Using a Random Forest classifier to predict AI-related jobs based on skills, education, experience, industry, and job title, the model achieved an overall accuracy of 63%. The classifier performs better at identifying non-AI jobs (recall 0.80) than AI jobs (recall 0.40), indicating it is more likely to misclassify AI roles. Precision and F1-scores reflect this imbalance, with non-AI roles having higher scores than AI roles. These results suggest that while features like education, experience, and industry provide some predictive power, distinguishing AI from non-AI positions remains challenging with the current feature set.

## Logistic Regression

In [None]:
from sklearn.linear_model import LogisticRegression
from sklearn.metrics import accuracy_score, classification_report

# Initialize and train Logistic Regression
log_reg = LogisticRegression(max_iter=1000, random_state=42)
log_reg.fit(X_train, y_train)

# Make predictions
y_pred_log = log_reg.predict(X_test)

# Evaluate model
print("Accuracy:", accuracy_score(y_test, y_pred_log))
print(classification_report(y_test, y_pred_log))

The Logistic Regression Model has similar results to the RFC because the features are not too strong, leading to such outcomes.


## Linear Regression

In [None]:
from sklearn.linear_model import LinearRegression
from sklearn.metrics import mean_squared_error, r2_score
import pandas as pd
from sklearn.model_selection import train_test_split
import numpy as np

# Features: AI_JOB, MIN_YEARS_EXPERIENCE, MAX_YEARS_EXPERIENCE, MIN_EDULEVELS, MAX_EDULEVELS
features = ["AI_JOB", "MIN_YEARS_EXPERIENCE", "MAX_YEARS_EXPERIENCE", "MIN_EDULEVELS", "MAX_EDULEVELS"]
X_salary = df[features].apply(pd.to_numeric, errors='coerce').fillna(0)
y_salary = pd.to_numeric(df["SALARY"], errors='coerce').fillna(0)

# Train-test split
X_train, X_test, y_train, y_test = train_test_split(
    X_salary, y_salary, test_size=0.2, random_state=42
)

# Fit linear regression
lr = LinearRegression()
lr.fit(X_train, y_train)

# Predict
y_pred = lr.predict(X_test)

# Evaluate
r2 = r2_score(y_test, y_pred)
rmse = np.sqrt(mean_squared_error(y_test, y_pred))

print("R² Score:", r2)
print("RMSE:", rmse)

# Coefficients
coefficients = pd.DataFrame({
    "Feature": X_salary.columns,
    "Coefficient": lr.coef_
})
print("\nCoefficients:")
print(coefficients)

print("\nIntercept (base salary):", lr.intercept_)
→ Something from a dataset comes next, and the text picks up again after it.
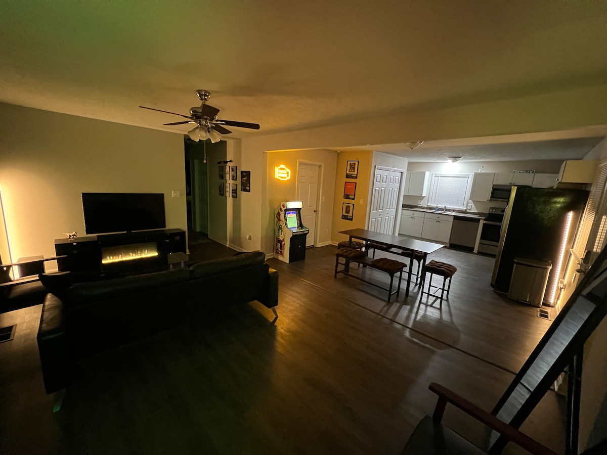 Diese private Fayetteville-Suite ist perfekt für Familienbesuche oder kleine Gruppen und bietet bequem Platz für bis zu drei Gäste. Genieße einen 65-Zoll-Fernseher im Wohnzimmer und einen 55-Zoll-Fernseher im Schlafzimmer, beide mit Netflix, Disney+, Premier und Jellyfin. Das Schlafzimmer verfügt über ein Kingsize-Bett für zwei Erwachsene und ein Kleinkind, während das Wohnzimmer über ein Queensize-Schlafsofa für einen Erwachsenen oder zwei Kinder verfügt. Mit einer voll ausgestatteten Küche, einem Arbeitsbereich, einem Badezimmer, einer Waschküche und einem geschlossenen Hof ist sie perfekt für jeden Aufenthalt.

The Linear regression model examining salary differences between AI and Non-AI roles shows that experience and education are the main drivers of salary, while being an AI role has minimal direct effect. Specifically, each additional year of minimum experience increases salary by ~$3,579, and higher maximum education increases it by ~$3,507, whereas the AI_JOB coefficient is slightly negative (-$889). The model explains about 7.9% of salary variation (R² = 0.079), with an average prediction error of $63,043 (RMSE). The intercept (~$38,466) represents the predicted base salary for a non-AI job with zero experience and base education levels. Overall, salary differences are largely influenced by experience and education rather than AI-role designation.